Indirect effects of ASOs were also observed: 22 out of 176 tested ASOs were generally toxic to P. aeruginosa (Extended Data Fig. 5c). Other ASOs increased PFUs by one order of magnitude, indicating that the targeted proteins, such as ΦKZ151, act to counter-regulate the infection or alter host vulnerability to the phage (Extended Data Fig. 5c). Furthermore, four ASOs induced plaques without phage treatment, perhaps by activating a Pf1-like prophage45 (Extended Data Fig. 5c).

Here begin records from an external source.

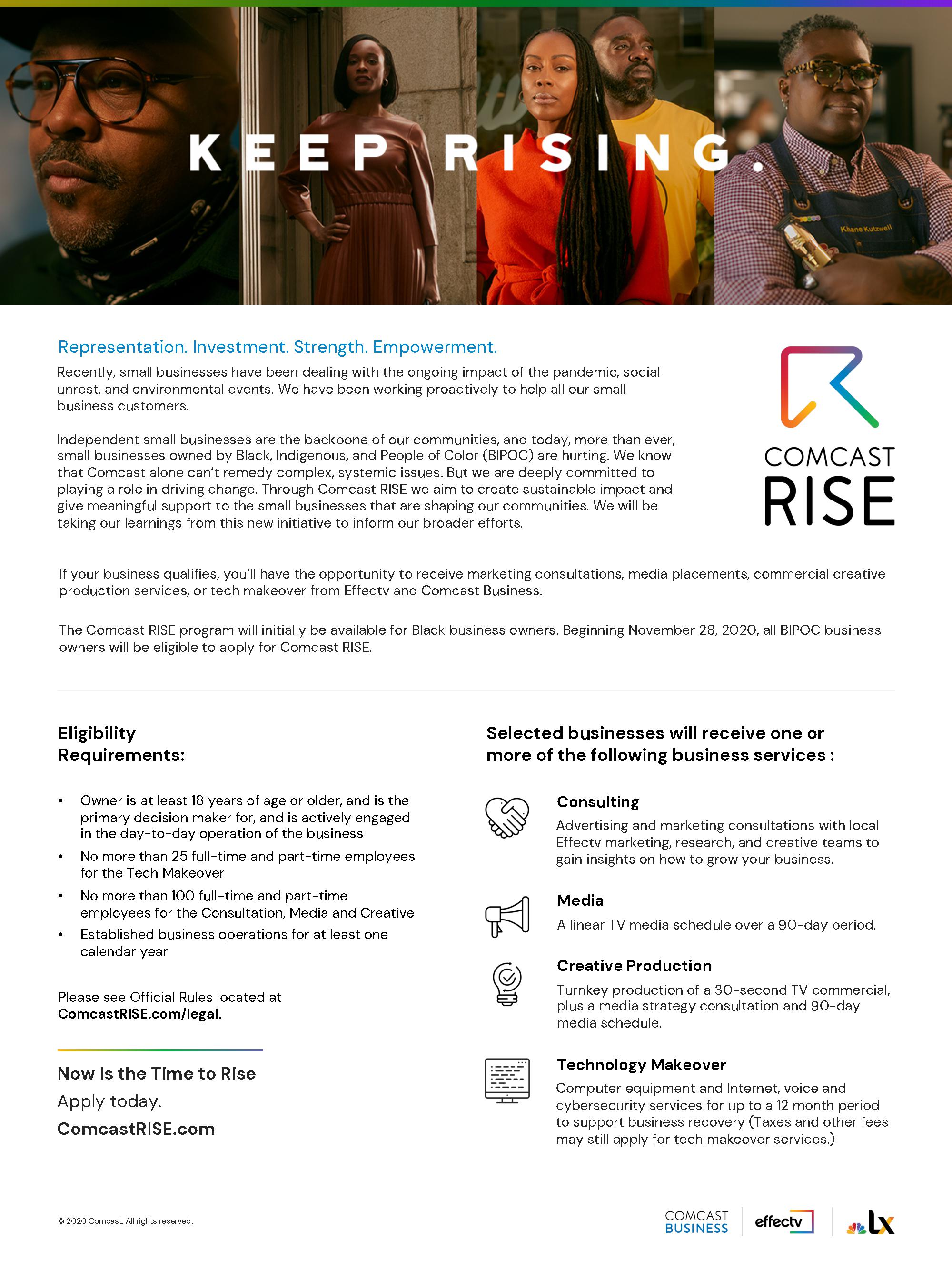 COMCAST has been working proactively to help its small business customers through its COMCAST Rise Program. Independent small businesses are the backbone of our communities, and today, more than ever, small businesses owned by Black, Indigenous, and People of Color (BIPOC) are hurting. Through the Comcast RISE Program, there is a goal to create sustainable impact and give meaningful support to the small businesses that are shaping communities.
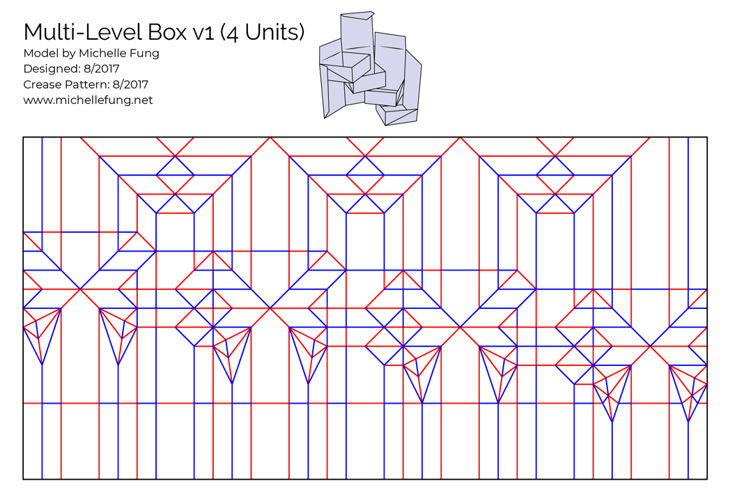This box is flat-foldable, and the box units in this model can be tessellated. My folds only used four box units, but theoretically, an infinite number of boxes can be tiled vertically and horizontally. My first idea while designing this model wasn't very efficient - this version is 30% more efficient than my initial idea.
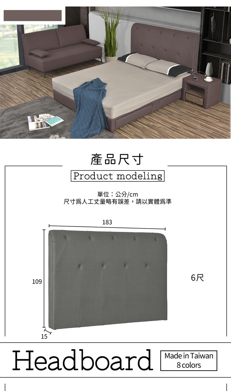 【UHO】李奧納德-6尺雙人加大貓抓皮床頭片83灰
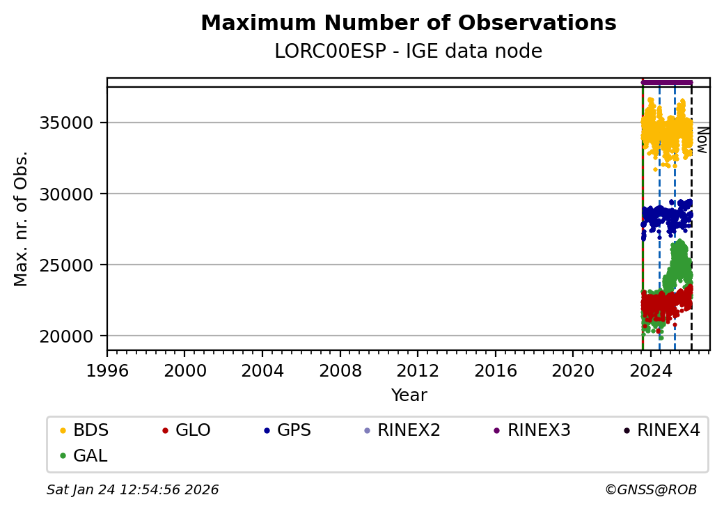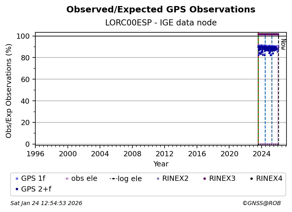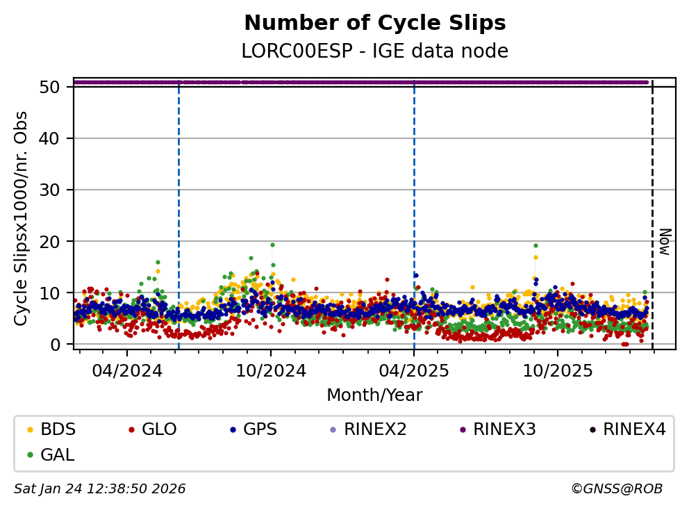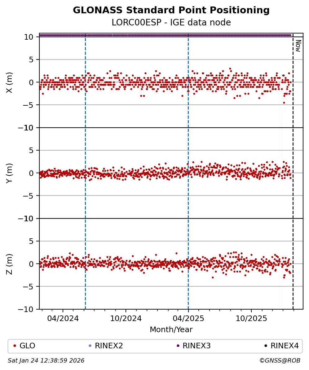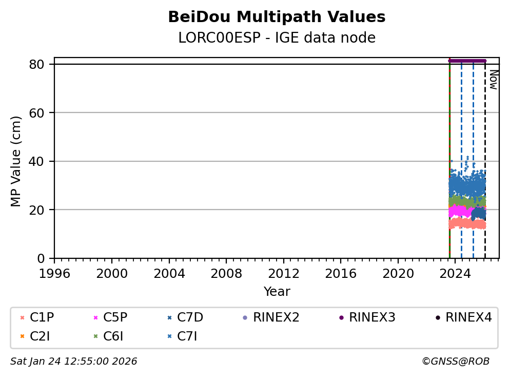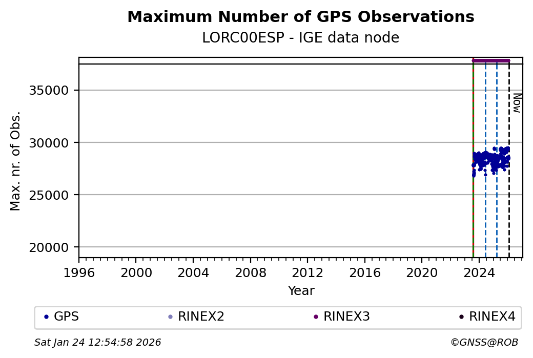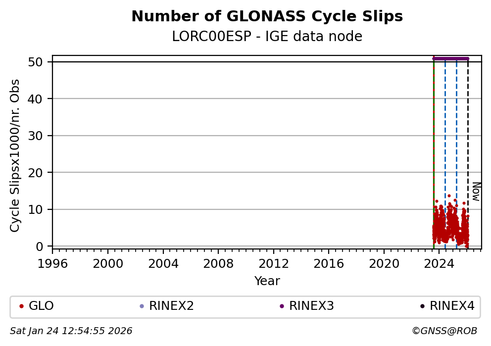 The plots below present the long-term tracking performance of the EPOS-GNSS station LORC00ESP based on the daily RINEX data available from the IGE EPOS-GNSS data node. The data quality metrics have been computed at the data node using the G-Nut/Anubis software.
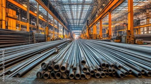 Obraz premium Industrial warehouse filled with steel rods under artificial lighting with an...
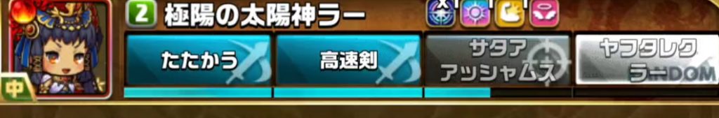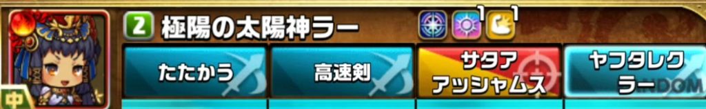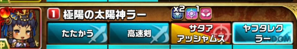3【サタアアッシャムス】輝く太陽を見に宿し自分の防御力をアップ。「挑発」状態と「再生」状態を付与
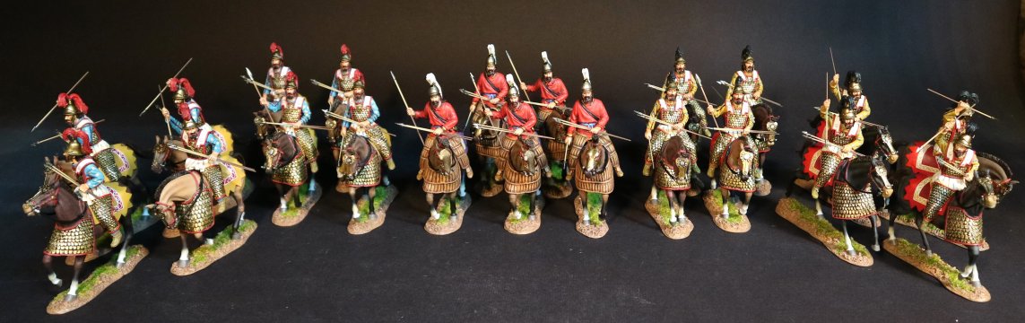Roman Auxilia cavalry were usually heavily armored in mail and armed with a short lance, javelins, the Spatha long sword, and sometimes bows for specialist Horse archer units. These men primarily served as Medium missile cavalry for flanking, scouting, skirmish, and pursuit.
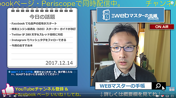 YouTubeライブ、Facebookライブ、Periscopeの3つで同時配信をしています。
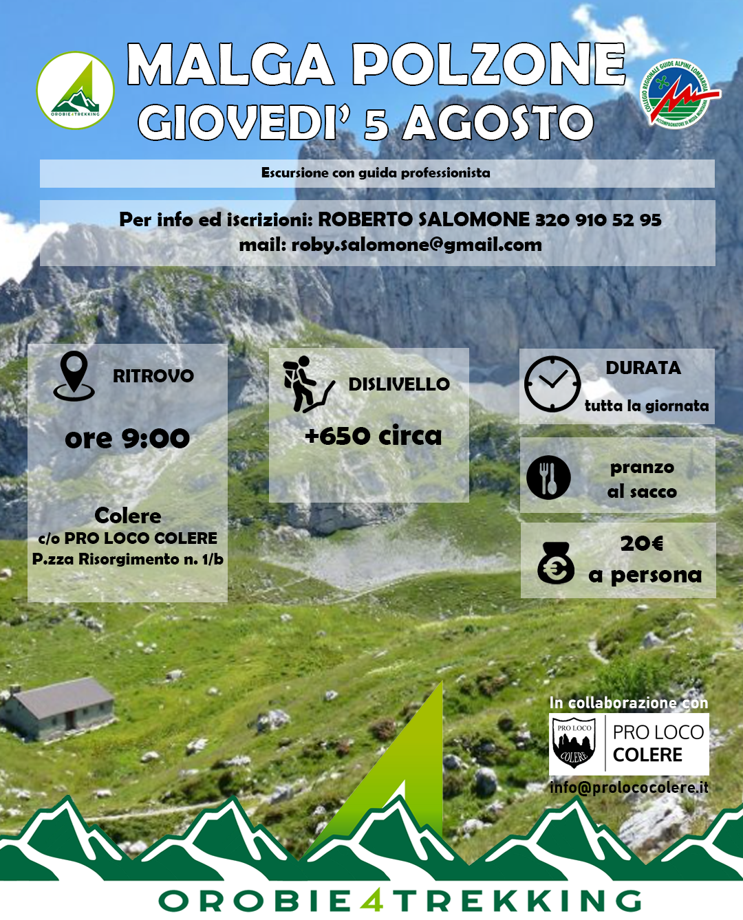Giovedì 5 Agosto, in collaborazione con Orobie 4 trekking, vi proponiamo una gita guidata a Malga Polzone.
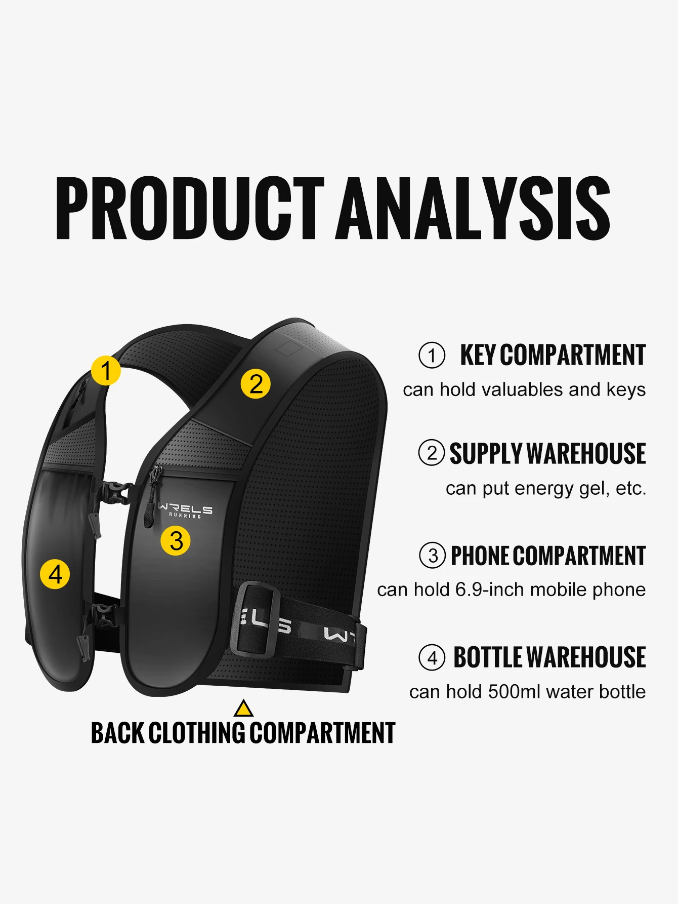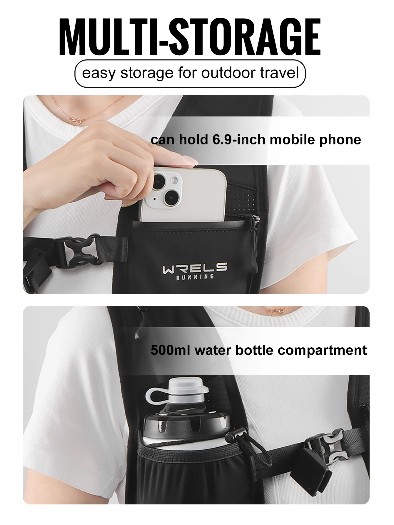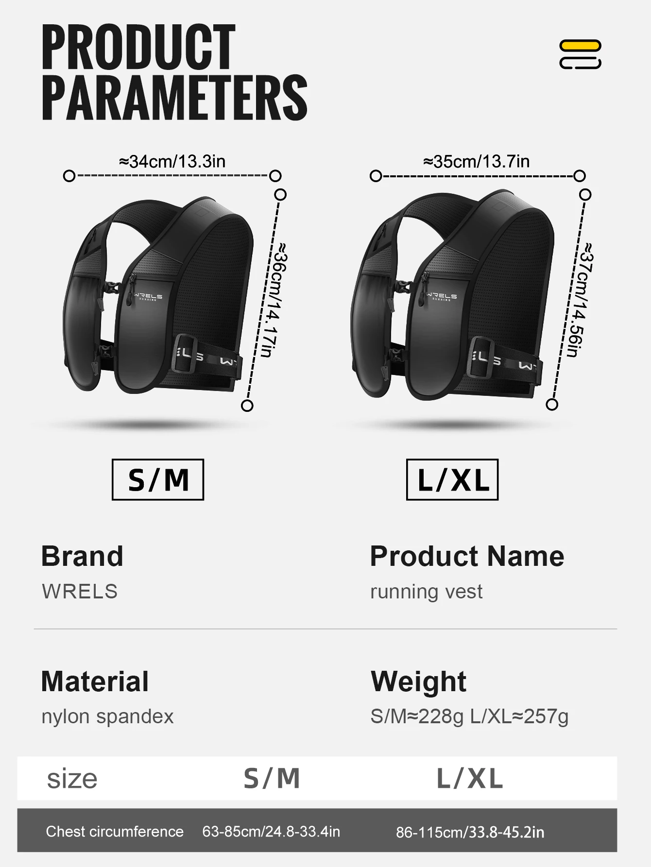 Colete de hidratação para corrida WRELS, leve e respirável, pacote de corrida de maratona para homens e mulheres

Molecular phenotypes of phage genes

Phage infection is a fine-tuned process, and not all involved factors will yield a macroscopic phenotype such as altered CFU and PFU counts upon ASO knockdown. We reasoned that a global method such as RNA sequencing (RNA-seq) would detect additional ‘molecular phenotypes’, defined as specific transcriptional dysregulation in infected cells46,47. To establish this approach for ΦKZ, we performed RNA-seq after chmA knockdown, which arrests the infection cycle at the level of the EPI vesicle (Fig. 1e and ref. 13). Total bacterial RNA was extracted at 10, 15, 20, 25 and 35 min after ΦKZ infection and analysed by RNA-seq (Supplementary Data 3). A principal components analysis showed different trajectories for the non-targeting and targeting condition (Fig. 3a). In agreement with previous work37,44,48, phage transcripts accounted for around 45% of all coding sequence reads at 10 min p.i., increasing to around 70% at 35 min p.i. (Extended Data Fig. 6a,b). This was similar for both conditions, but ASO-mediated knockdown of chmA resulted in almost no RNA-seq reads from middle/late phage genes (seen from 20 min p.i. onward), indicating that phage nucleus formation is required for the transcription of these genes by the nvRNAP (Fig. 3b and Extended Data Fig. 6b–d, classes E and F). By contrast, early phage transcripts showed prolonged expression (Extended Data Fig. 6b,d, classes A and B), possibly because vRNAP-driven transcription continues. chmA knockdown also resulted in a loss of phage-encoded tRNAs (Extended Data Fig. 6c), consistent with their dependence on the nvRNAP44. Collectively, these data support a model in which following phage genome transfer from the EPI vesicle to the phage nucleus, the nvRNAP takes over phage transcription with concomitant cessation of vRNAP activity11,13,15,44,49.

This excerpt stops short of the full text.